What this task involves:
Transcribe every record as it stands and set the images aside.

========================================

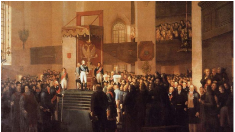
Александр I открывает Боргоский сейм. Художник Э.

« Старая Финляндия » – финские земли Западной Карелии, перешедшие от Швеции к России после завершения Северной войны (1721) и заключения Абоского мирного договора (1743). В 1809 г. присоединились остальные финские территории – « Новая Финляндия ». Воссоединение двух финских территорий ознаменовало образование единого Великого княжества Финляндского.
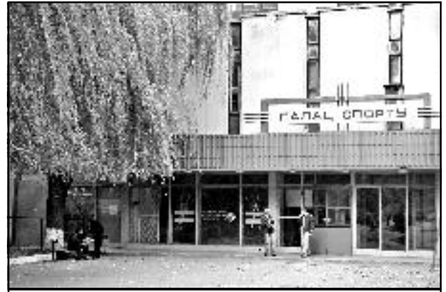
Палац спорту Дніпропетровського національного університету імені Олеся Гончара – один із найбільших серед спортивних споруд навчальних закладів України.
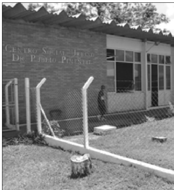
Palestra será na sede do CSU

A palestra acontece no dia 28 de novembro, às 14 horas, no CSU.
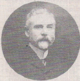
BID VOOR DE ZIEL VAN MIJNHEER
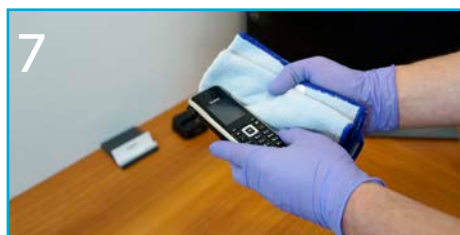
7 Przetrzyj aparaty telefoniczne i zestawy słuchawkowe.
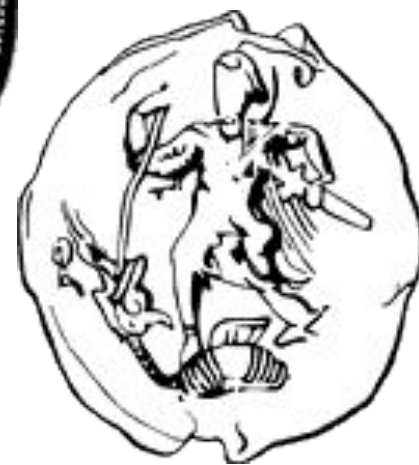
Печать XII века с Архангелом Михаилом.
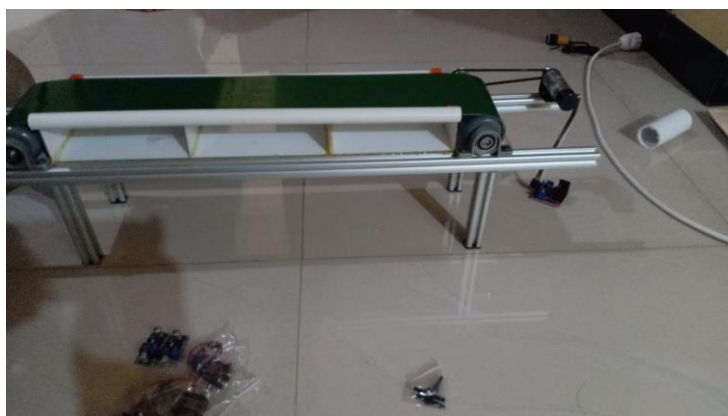
Gambar 2. Rangkaian Alat Pengujian

Rancangan rangkaian alat pengujian untuk mendukung penelitian ini diperlihatkan dalam Gambar 2 berikut:
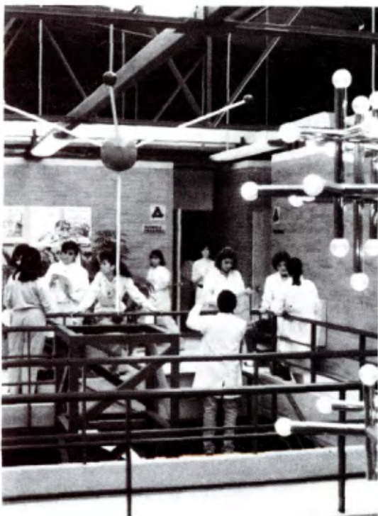
A l'Université La Salle de Mexico.

Le corps professoral de l'Université rassemble 420 professeurs: 70% d'entre eux possèdent une Licence, 20% une Maîtrise, 7% un Doctorat et 3% sont des stagiaires.
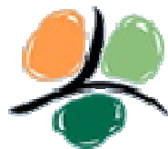
Comunità Montana Valli Mongia, Cevetta e Langa Cubana
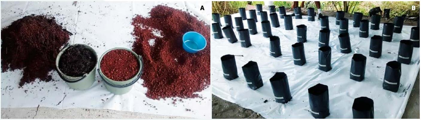
Figura 3. A: Sustratos utilizados. B: Preparación de bolsas con los sustratos para la realización del trasplante.

Cada unidad experimental se regó con 250 mL diarios del agua de riego correspondiente, según se indica en el Cuadro 1. Después de 85 días a partir del trasplante, se evaluaron en las plantas las variables de crecimiento siguientes: altura de planta, diámetro de tallo y peso de la materia seca de plantas.
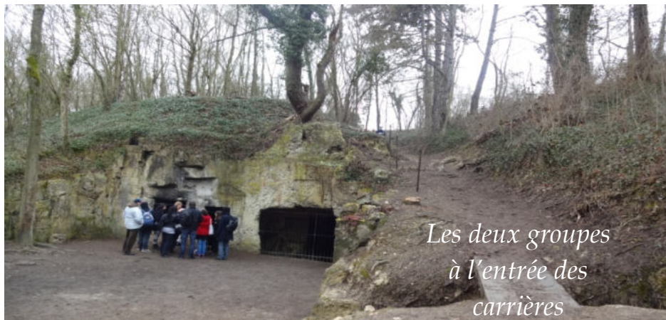
Les deux groupes à l'entrée des carrières

Pour la matinée, nous avons, avec l'aide de Michel Pugin, choisi la visite des Carrières de Confrécourt. Le car et les élèves, avec les accompagnants, sont au rendez-vous....Petit arrêt à Soissons pour prendre les deux guides du Syndicat d'initiative, et en route ! L'une d'entre elle a situé historiquement et géographiquement la bataille du Chemin des Dames. L'accès au site des carrières demande un petit effort, mais on est récompensé par le paysage et l'intérieur des grottes !
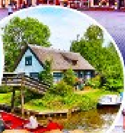
หมู่บ้านกีธูร์น
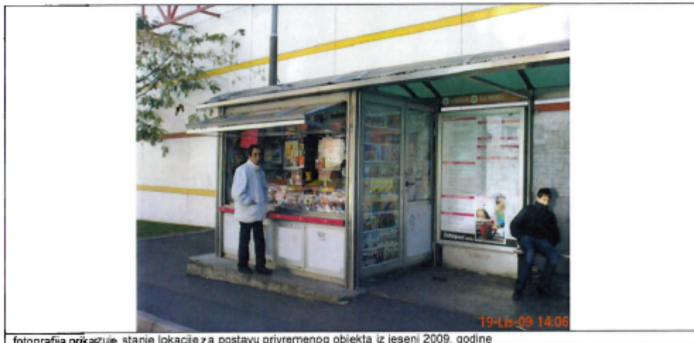
fotografija prikazuje stanje lokacije za postavu privremenog objekta iz jeseni 2009. godine
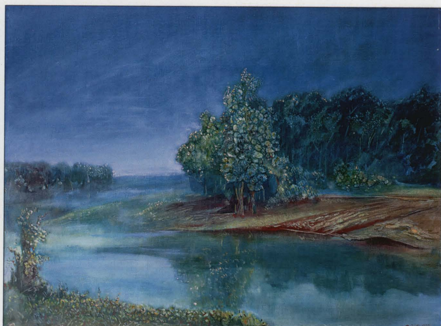
Dolina Narwi wiosną, olej/plótno, 1982, wł. Muzeum w łomży
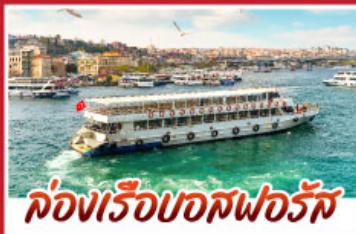
ล่องเรือบอสฟอรัส
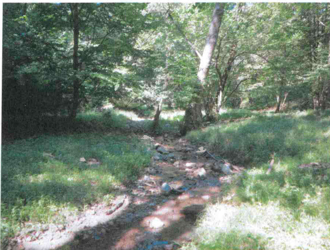
Obr. č. Pohľad na profil terénu v mieste hráde v doline vysýchajúceho toku Bystrý potok.

Malá vodná nádrž „ SO 06 Bystré pod mostom “ s akumulárným objemom vody 3 693 m 3 je umiestnená na údolnici jelšovo-hrabového a bukového lesného porastu neovulkanickými horninami a vulkanickými brekciami , priepustnými neogénnyimi horninami v podloží. Nádrž je umiestnená na toku Bystrý potok s upraveným lichobežníkovým korytom potoka na vtoku a výtoku. Spevnenie toku Bystrý potok, je dimenzovaný na bezpečné prevedenie Q_{100}=4,20 \text{ m}^3 \cdot \text{s}^{-1} . Zemná sypaná hrádza ma tvar lichobežníka a koruna hráde šířky 6 m dosahuje max. výšku na teréne 4,32 m. Sklony návodných svahov sú v sklone 1:2 a vzdušného svahu hráde 1:3. Hydoizolácia je tvorená kaučukovou EPDM fóliou hrúbky 1,5 mm s ochranou kamennou dlažbou a štrkom na návodnej strane hráde a na príľahlom dne celkovej šířky 22 m (12+10). Na vtoku je drevená prehrádzka šířky 18m, h=0,6/0,3 \text{ m} . Pre vypúšťanie vody z nádrže a manipuláciu s vodnou hladinou spolu s funkciou bezpečnostného prepadu je navrhnutý združený výpustný objekt .
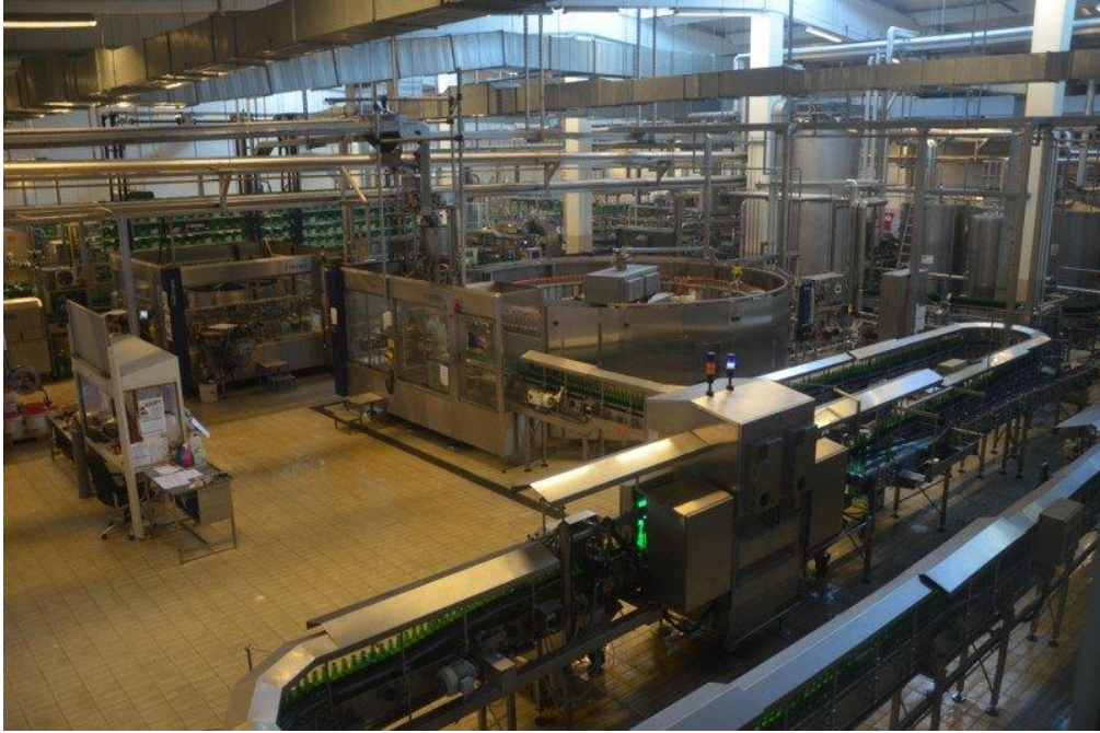
Slika 13 Proizvodni dio pivovare
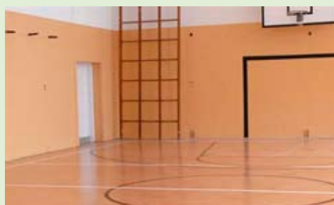
Nowa nawierzchnia i wygląd sali warte 54 472,46 zł
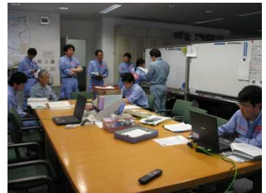
昨年度の訓練状況

※上記日程等の詳細については、下記までお問い合わせ下さい。なお、災害等により、新潟国道支部が注意体制以上を発令した場合は、訓練を中止します。
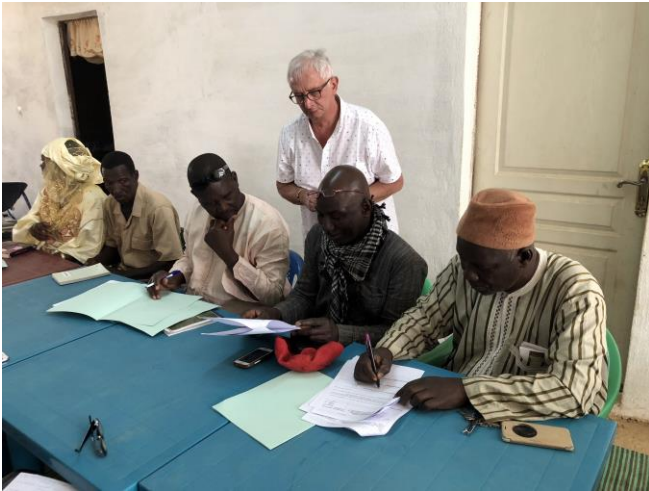
Signature de la convention maire – ASBEF et VERSO
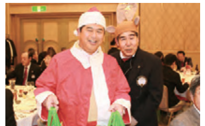
▲恰幅のよいサンタさんとトナカイさんからこどもたちへプレゼント
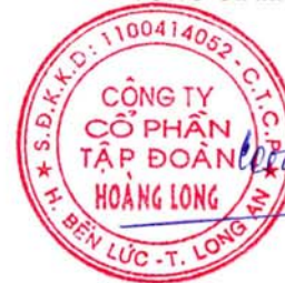
PHẠM PHÚC TOẠI
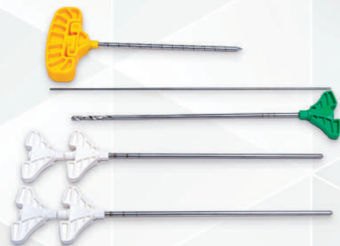
Kyphoplasty Set Code No. 33111
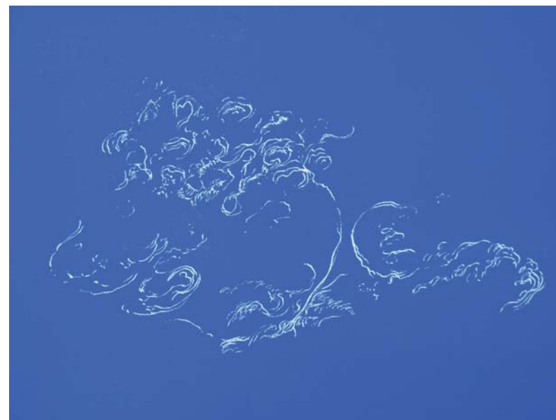
3 detalles de 10, 15 y 12 cm c/u de arabescos grabados a punta seca sobre el políptico de la Sala de Arte el Brocense (páginas 1, 21 y 22)
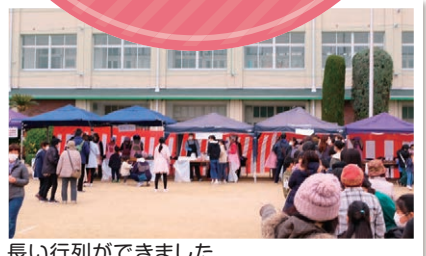
長い行列ができました

女性部の災害時の炊き出し訓練を兼ねた豚汁には長い行列が出来、子どもたちも重い杵をよいしょと持ち上げ、お餅つきを頑張ってくれました。きな粉や大根おろし、ぜんざいを美味しそうに食べる姿に、やはり人と人が会って一緒に食事をしたり笑ったり、行事を行うという事の大切さを再認識したフェスティバルでした。
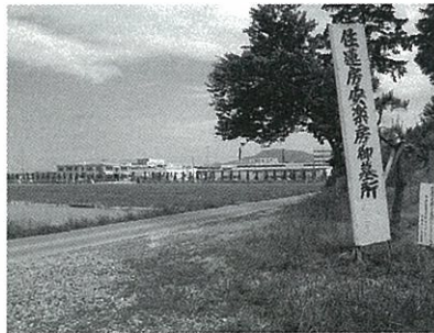
住連坊・安楽坊の墓より工場正面を望む

工場周辺にも歴史を感じさせるものが数多くあります。その一端を紹介すると、町名では千僧供町、馬淵町、長福寺町などその歴史を紐解くとその由来がわかります。また、史跡では供養塚古墳など数多くの古墳群（弥生時代～）、古墳の上に作られた住連坊・安楽坊の墓（江戸時代）、瓶割山城址（戦国時代）、などが点在して
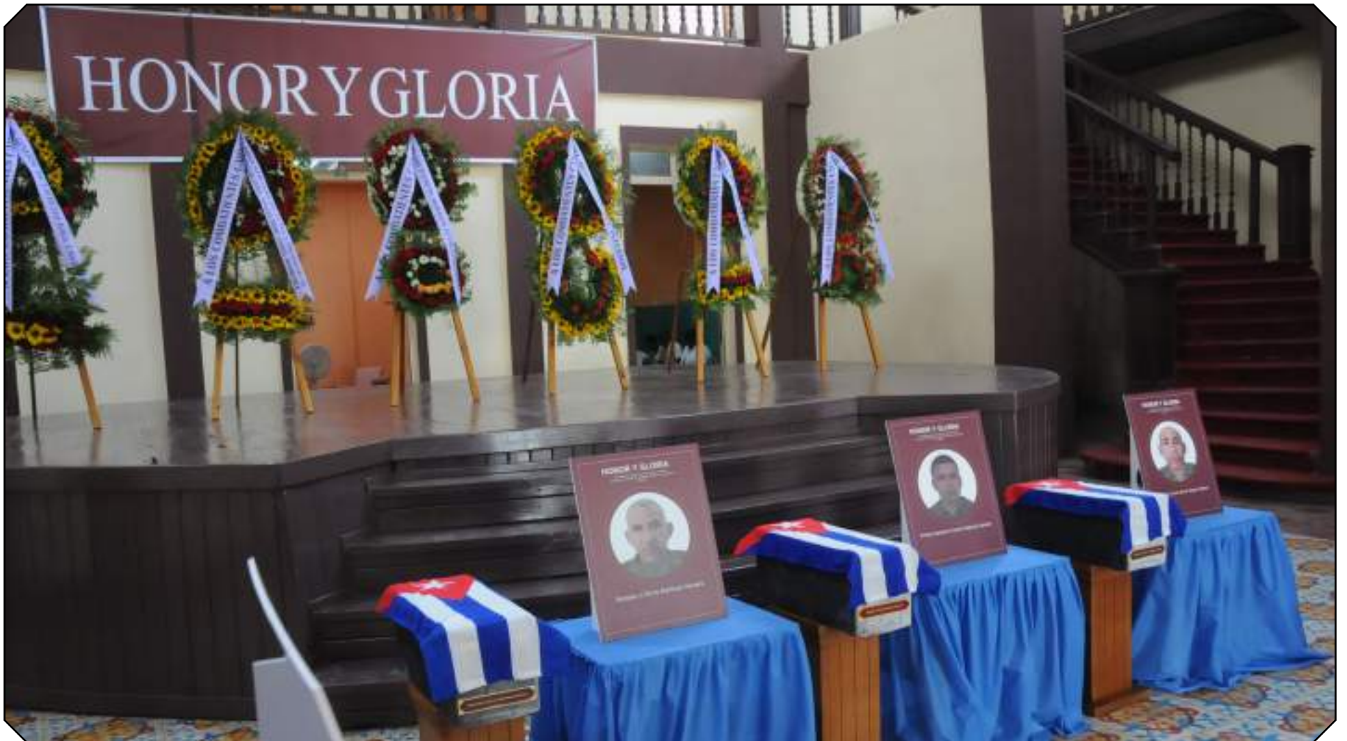
Hasta Guantánamo llegaron las honras fúnebres de los caídos en la intervención yanqui en Venezuela.

La mañana del 16 de enero Guantánamo despertó diferente. Desde temprano las calles mostraron una multitud de pueblo en movimiento. Niños, jóvenes, adultos y ancianos cruzaban la ciudad con un mismo destino y misión: honrar a sus héroes.
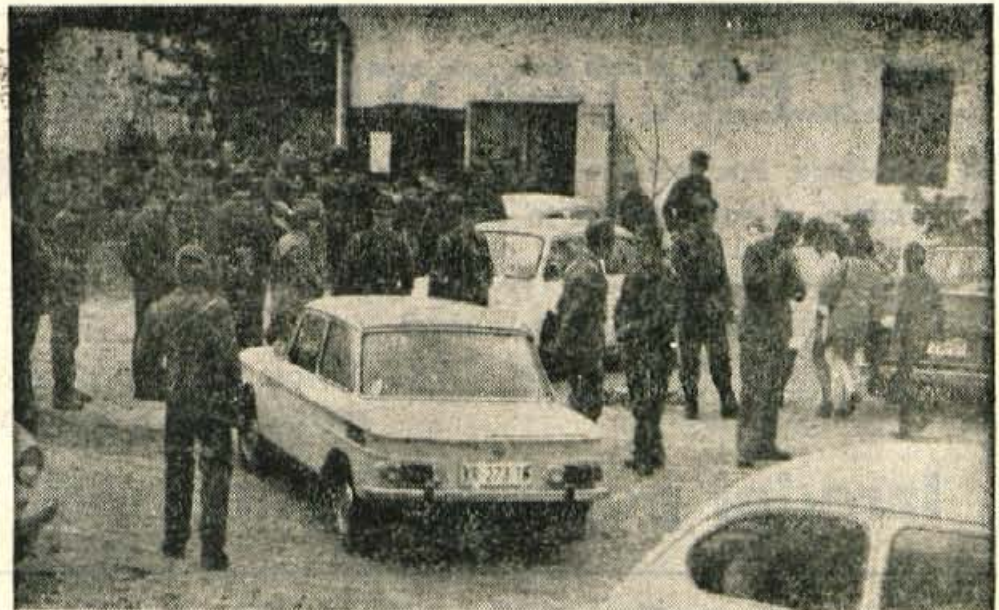
Po končani vaji so se vse skupine partizanskih enot zbrale v prostorih družbenih organizacij v Podljubelju.

========================================

Task solution:
Александр I открывает Боргоский сейм. Художник Э.

« Старая Финляндия » – финские земли Западной Карелии, перешедшие от Швеции к России после завершения Северной войны (1721) и заключения Абоского мирного договора (1743). В 1809 г. присоединились остальные финские территории – « Новая Финляндия ». Воссоединение двух финских территорий ознаменовало образование единого Великого княжества Финляндского.
Палац спорту Дніпропетровського національного університету імені Олеся Гончара – один із найбільших серед спортивних споруд навчальних закладів України.
Palestra será na sede do CSU

A palestra acontece no dia 28 de novembro, às 14 horas, no CSU.
BID VOOR DE ZIEL VAN MIJNHEER
7 Przetrzyj aparaty telefoniczne i zestawy słuchawkowe.
Печать XII века с Архангелом Михаилом.
Gambar 2. Rangkaian Alat Pengujian

Rancangan rangkaian alat pengujian untuk mendukung penelitian ini diperlihatkan dalam Gambar 2 berikut:
A l'Université La Salle de Mexico.

Le corps professoral de l'Université rassemble 420 professeurs: 70% d'entre eux possèdent une Licence, 20% une Maîtrise, 7% un Doctorat et 3% sont des stagiaires.
Comunità Montana Valli Mongia, Cevetta e Langa Cubana
Figura 3. A: Sustratos utilizados. B: Preparación de bolsas con los sustratos para la realización del trasplante.

Cada unidad experimental se regó con 250 mL diarios del agua de riego correspondiente, según se indica en el Cuadro 1. Después de 85 días a partir del trasplante, se evaluaron en las plantas las variables de crecimiento siguientes: altura de planta, diámetro de tallo y peso de la materia seca de plantas.
Les deux groupes à l'entrée des carrières

Pour la matinée, nous avons, avec l'aide de Michel Pugin, choisi la visite des Carrières de Confrécourt. Le car et les élèves, avec les accompagnants, sont au rendez-vous....Petit arrêt à Soissons pour prendre les deux guides du Syndicat d'initiative, et en route ! L'une d'entre elle a situé historiquement et géographiquement la bataille du Chemin des Dames. L'accès au site des carrières demande un petit effort, mais on est récompensé par le paysage et l'intérieur des grottes !
หมู่บ้านกีธูร์น
fotografija prikazuje stanje lokacije za postavu privremenog objekta iz jeseni 2009. godine
Dolina Narwi wiosną, olej/plótno, 1982, wł. Muzeum w łomży
ล่องเรือบอสฟอรัส
Obr. č. Pohľad na profil terénu v mieste hráde v doline vysýchajúceho toku Bystrý potok.

Malá vodná nádrž „ SO 06 Bystré pod mostom “ s akumulárným objemom vody 3 693 m 3 je umiestnená na údolnici jelšovo-hrabového a bukového lesného porastu neovulkanickými horninami a vulkanickými brekciami , priepustnými neogénnyimi horninami v podloží. Nádrž je umiestnená na toku Bystrý potok s upraveným lichobežníkovým korytom potoka na vtoku a výtoku. Spevnenie toku Bystrý potok, je dimenzovaný na bezpečné prevedenie Q_{100}=4,20 \text{ m}^3 \cdot \text{s}^{-1} . Zemná sypaná hrádza ma tvar lichobežníka a koruna hráde šířky 6 m dosahuje max. výšku na teréne 4,32 m. Sklony návodných svahov sú v sklone 1:2 a vzdušného svahu hráde 1:3. Hydoizolácia je tvorená kaučukovou EPDM fóliou hrúbky 1,5 mm s ochranou kamennou dlažbou a štrkom na návodnej strane hráde a na príľahlom dne celkovej šířky 22 m (12+10). Na vtoku je drevená prehrádzka šířky 18m, h=0,6/0,3 \text{ m} . Pre vypúšťanie vody z nádrže a manipuláciu s vodnou hladinou spolu s funkciou bezpečnostného prepadu je navrhnutý združený výpustný objekt .
Slika 13 Proizvodni dio pivovare
Nowa nawierzchnia i wygląd sali warte 54 472,46 zł
昨年度の訓練状況

※上記日程等の詳細については、下記までお問い合わせ下さい。なお、災害等により、新潟国道支部が注意体制以上を発令した場合は、訓練を中止します。
Signature de la convention maire – ASBEF et VERSO
▲恰幅のよいサンタさんとトナカイさんからこどもたちへプレゼント
PHẠM PHÚC TOẠI
Kyphoplasty Set Code No. 33111
3 detalles de 10, 15 y 12 cm c/u de arabescos grabados a punta seca sobre el políptico de la Sala de Arte el Brocense (páginas 1, 21 y 22)
長い行列ができました

女性部の災害時の炊き出し訓練を兼ねた豚汁には長い行列が出来、子どもたちも重い杵をよいしょと持ち上げ、お餅つきを頑張ってくれました。きな粉や大根おろし、ぜんざいを美味しそうに食べる姿に、やはり人と人が会って一緒に食事をしたり笑ったり、行事を行うという事の大切さを再認識したフェスティバルでした。
住連坊・安楽坊の墓より工場正面を望む

工場周辺にも歴史を感じさせるものが数多くあります。その一端を紹介すると、町名では千僧供町、馬淵町、長福寺町などその歴史を紐解くとその由来がわかります。また、史跡では供養塚古墳など数多くの古墳群（弥生時代～）、古墳の上に作られた住連坊・安楽坊の墓（江戸時代）、瓶割山城址（戦国時代）、などが点在して
Hasta Guantánamo llegaron las honras fúnebres de los caídos en la intervención yanqui en Venezuela.

La mañana del 16 de enero Guantánamo despertó diferente. Desde temprano las calles mostraron una multitud de pueblo en movimiento. Niños, jóvenes, adultos y ancianos cruzaban la ciudad con un mismo destino y misión: honrar a sus héroes.
Po končani vaji so se vse skupine partizanskih enot zbrale v prostorih družbenih organizacij v Podljubelju.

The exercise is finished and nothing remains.